In addition, increased free radical scavenging and antioxidant activity were also demonstrated in several in vitro models upon treatment with rice bran extracts. For example, treatment of HL-60 cells, a human leukaemia cell line, with ethanolic extracts of brown rice and rice bran resulted in a reduction in superoxide production, coupled with a decrease in the extent of lipid peroxidation in these cells [39]. A dose-dependent increase in the ROS and nitric oxide scavenging activity was also observed in a glioma cell line treated with methanolic extract of Njavara rice bran [40]. Recently, Lee et al. showed that pre-treatment of a liver cancer cell line (HepG2) with rice bran extract obtained from black rice reversed the detrimental effects of chemically-induced oxidative stress. Further observations upon the treatment of the cells with the extract include the suppression of ROS generation, an increase in reduced glutathione content and the inhibition of lipid peroxidation [41], indicating an improvement in the antioxidant status of these cells after treatment.

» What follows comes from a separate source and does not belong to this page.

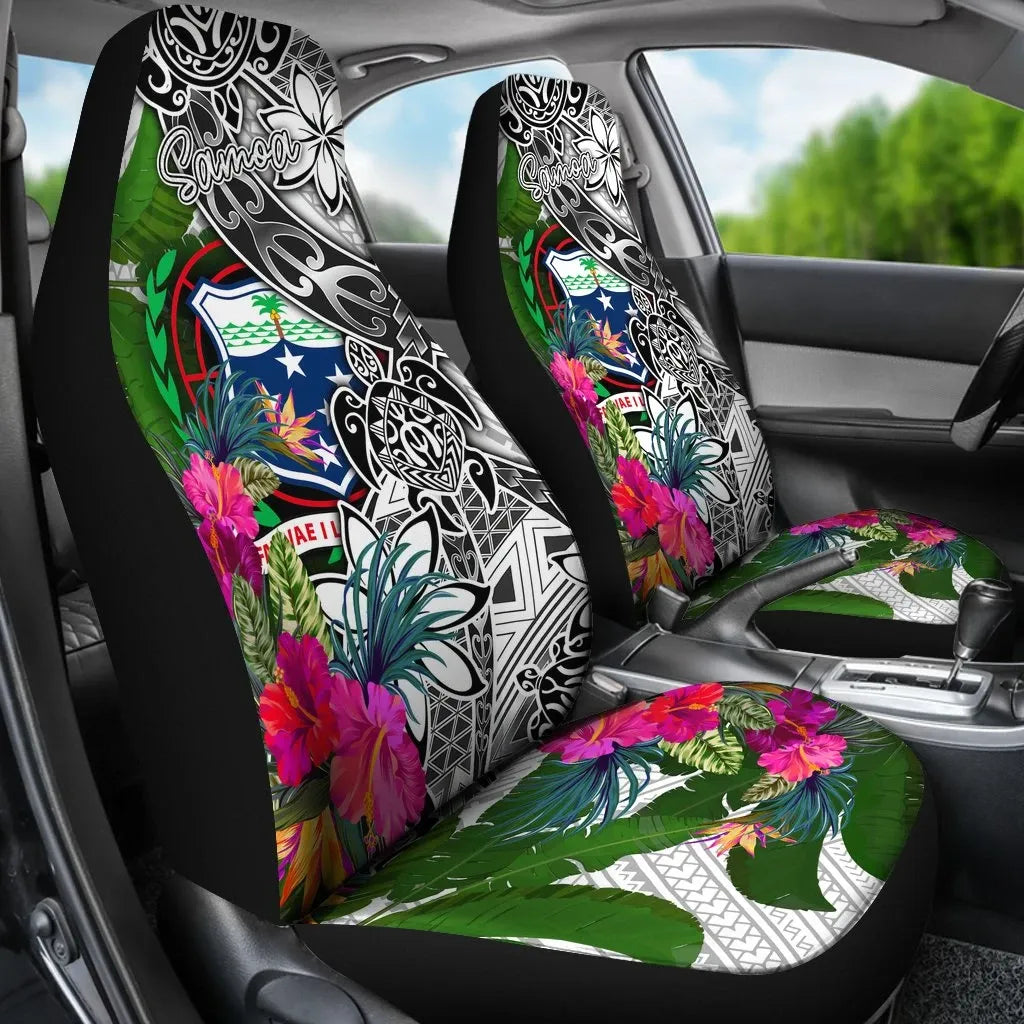 Samoa Car Seat Covers White - Turtle Plumeria Banana Leaf
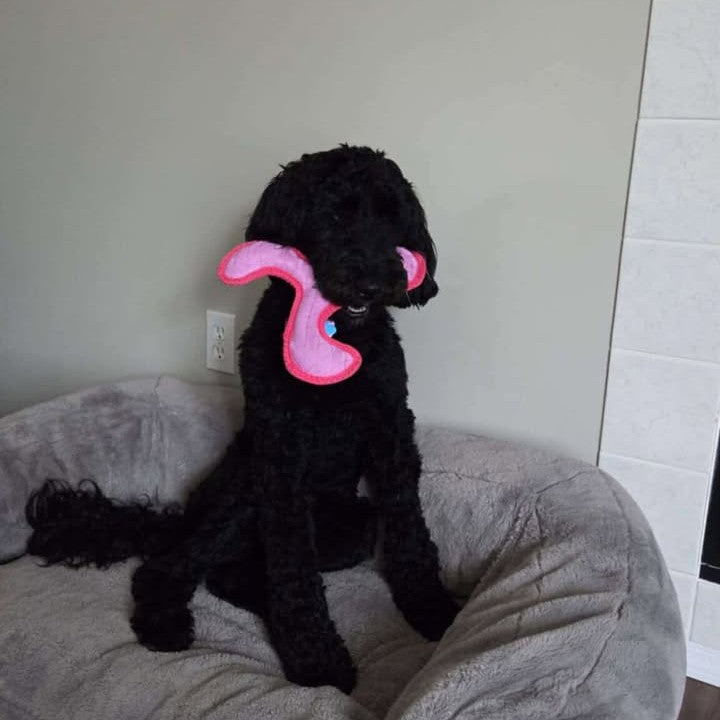 DURAFORCE® toys are made with durability in mind! Each toy is engineered with plastic-coated polyester fibers that are woven into a durable, thick mat. The edges are protected by industrial grade webbing and sewn multiple times for added reinforcement. They squeak, they float and they’re machine washable. With vibrant colors and a variety of shapes and sizes, DURAFORCE® dog toys are sure to provide hours and hours of canine fun! DURAFORCE® toys are built to withstand rigorous interactive play, not aggressive chewing. We use quality, durable materials, but this product is still a “soft” plush dog toy that can be damaged from chewing. Care for your dog like you would your child. Do not allow your pet to swallow any part of ANY brand of dog toy.

Furthermore, rice bran extracts were demonstrated to reduce oxidative stress in some non-cancer cell lines upon treatment. For example, fermented rice bran extract was shown to inhibit ROS generation in cultured adipocytes subjected to H2O2-induced oxidative stress [42]. Further, pre-treatment with rice bran extract on rats’ heart cells exposed to H2O2 was also found to increase both the activity and the level of expression of antioxidant enzyme catalase [43]. Such studies confirm the above in vitro studies regarding the inhibitory effect of rice bran intake on ROS production in cancer cell lines.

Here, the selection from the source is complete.